Task item:
Type out the lines below exactly, pictures excluded.

Available data:
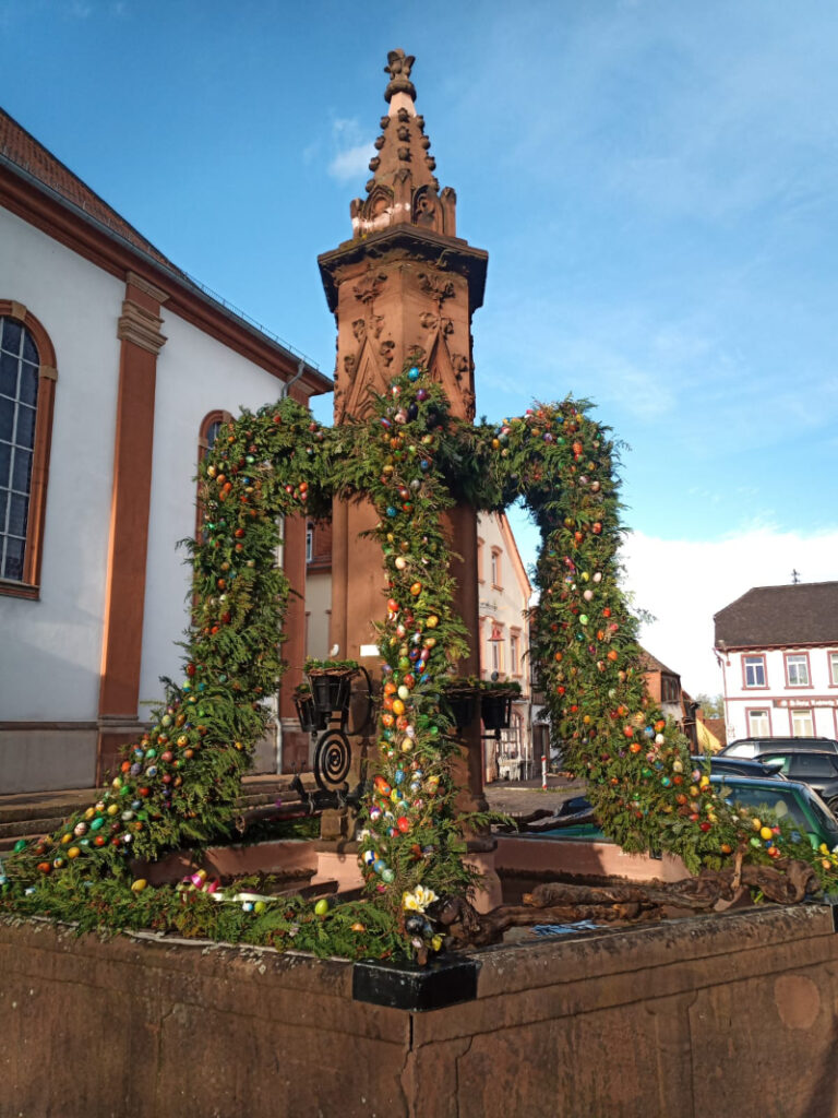 Nach der feierlichen Eiweihung des Osterbrunnens um 16:30 Uhr durch Stadtbürgermeister Daniel Poth in Begleitung der Pfarrerin der Protestantischen Kirchengemeinde, Judith Geib, und eines Vertreters des Katholischen Pfaramts sowie eines Schulchors gibt es eine kleine Pause. Der Kirchbauverein übernimmt die Bewirtung der Gäste mit Getränken.
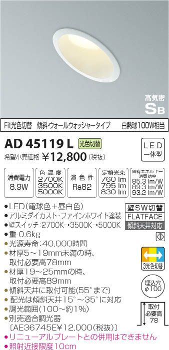 | 補足・注意事項 | ◆消費電力:8.9W ◆色温度:2700K ◆演色性:Ra82 ◆光源寿命:40,000時間 ◆材厚5~19mm未満の時、取付必要高78mm ◆材厚19~25mmの時、取付必要高89mm ◆傾斜天井に取付可能(55°まで) ◆配光は傾斜天井15°~35°に対応 ◆調光範囲(100~約1%) ◆別売適合調光器〔AE36745E \12,000(税抜)〕 ◆リニューアルプレートとの併用はできません ◆照射近接限度10cm ※色温度:2700K|3500K|5000K ※白熱球100W相当 |
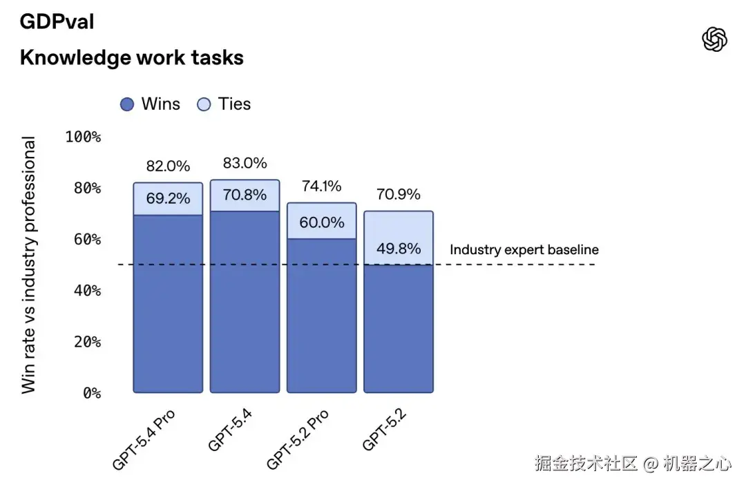 在 GDPval 测试中,GPT-5.4 在 83.0% 的比较中达到或超过了行业专业人士的水平,而 GPT-5.2 的这一比例为 70.9%。

Result:
 Nach der feierlichen Eiweihung des Osterbrunnens um 16:30 Uhr durch Stadtbürgermeister Daniel Poth in Begleitung der Pfarrerin der Protestantischen Kirchengemeinde, Judith Geib, und eines Vertreters des Katholischen Pfaramts sowie eines Schulchors gibt es eine kleine Pause. Der Kirchbauverein übernimmt die Bewirtung der Gäste mit Getränken.
 | 補足・注意事項 | ◆消費電力:8.9W ◆色温度:2700K ◆演色性:Ra82 ◆光源寿命:40,000時間 ◆材厚5~19mm未満の時、取付必要高78mm ◆材厚19~25mmの時、取付必要高89mm ◆傾斜天井に取付可能(55°まで) ◆配光は傾斜天井15°~35°に対応 ◆調光範囲(100~約1%) ◆別売適合調光器〔AE36745E \12,000(税抜)〕 ◆リニューアルプレートとの併用はできません ◆照射近接限度10cm ※色温度:2700K|3500K|5000K ※白熱球100W相当 |
 在 GDPval 测试中,GPT-5.4 在 83.0% 的比较中达到或超过了行业专业人士的水平,而 GPT-5.2 的这一比例为 70.9%。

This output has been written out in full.